Tout ce qui est debout se couchera : Chambres avec vue
Ce sont ce que j’appelle des mopologistes. C’est-à-dire qu’ils sont des vadrouilleurs, des concierges adjoints qui se livrent à des méditations et nous offrent des discours. Au gré des conversations entre collègues et avec les patients (ils travaillent à l’entretien des étages palliatifs et des tissus légers du Centre hospitalier de longue durée de Notre-Dame-des-Martyrs), ils ont peu à peu pris conscience de la mort. En côtoyant la mort, l’attente de celle-ci et le quotidien des aînés, ils se mettent à échafauder des réflexions, parfois bien malgré eux, qui possèdent le charme des premiers questionnements, mais où pointe aussi l’ampleur du sujet. Comme si nos deux techniciens de surface suppléants grignotaient l’infini par le trou de la serrure.
Petit K. et Grand D., respectivement incarnés par Olivier Kemeid et Patrick Drolet, forment un duo de vadrouilleurs sympathiques et très humains. Intelligents mais sans grandes ambitions, ils réagissent différemment mais tous deux fortement à la perte des gens qu’ils ont connus. À travers eux et quelques personnages, on arrive à lire leurs petites histoires singulières, leurs peurs et leurs forces. L’histoire se morcelle donc en tableaux, où l’anecdote et le particulier viennent illustrer une trame théorique qui parfois prend le devant de la scène (par des narrations ou des scènes entre parenthèses où la mort en personne vient faire son numéro), mais qui le plus souvent sous-tend le texte comme une rumeur, un rythme important dont on oublie la présence parce qu’il s’intègre bien. On fait appel à quelques philosophes qui ont pensé la mort, mais surtout, on incarne l’effet et les résonances de la mort par le biais de petites expériences personnelles. C’est là qu’ils frappent fort: lorsque l’anecdotique possède les accents de vérité qui précèdent le théorique.
Kemeid, qui est surtout auteur, et Drolet, qui est surtout acteur, ont écrit conjointement Tout ce qui est debout se couchera, qu’ils ont aussi mis en scène avec Stéphanie Capistran-Lalonde (qui forme avec les deux autres la compagnie Les Trois Tristes Tigres).
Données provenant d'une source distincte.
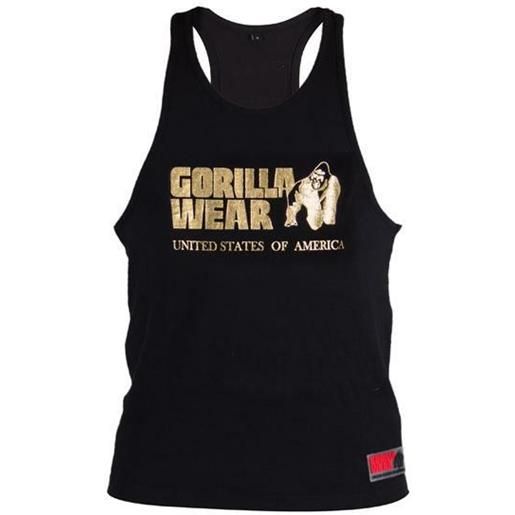 Gorilla wear canotta classica per fitness, colore bianco, bodybuilding, sport, tempo libero, con logo stampato, leggera e comoda per un movimento ottimale in cotone

Nul doute que cette belle équipe a fait beaucoup de recherches pour parvenir à élaborer des numéros où, de manière très simple, des personnages entrent dans le vif du sujet tout en étant touchants et en nous faisant rire. N’oublions pas que cette jeune compagnie a conçu le Cabaret Libre International de Montréal (CLIM), et que l’humour est une de ses forces. Pas qu’ils tournent les grands problèmes en dérision, ni qu’ils soient de véritables cyniques, mais on pourrait dire que le parti pris est, sinon optimiste, du moins joyeux. Sans être directement un hommage à la vie, nous pouvons dire qu’aux frontières du tragique, on l’embrasse. Un baiser d’aéroport, sans rancune, avant un voyage mérité.
On retient de cette pièce l’intelligence du propos et la connaissance des moyens. On exploite savamment les accessoires et la matière. Les tigres connaissent leurs limites: pas de prétention ni de formules creuses, et on se souviendra longtemps de quelques performances savoureuses du jeune Patrick Drolet.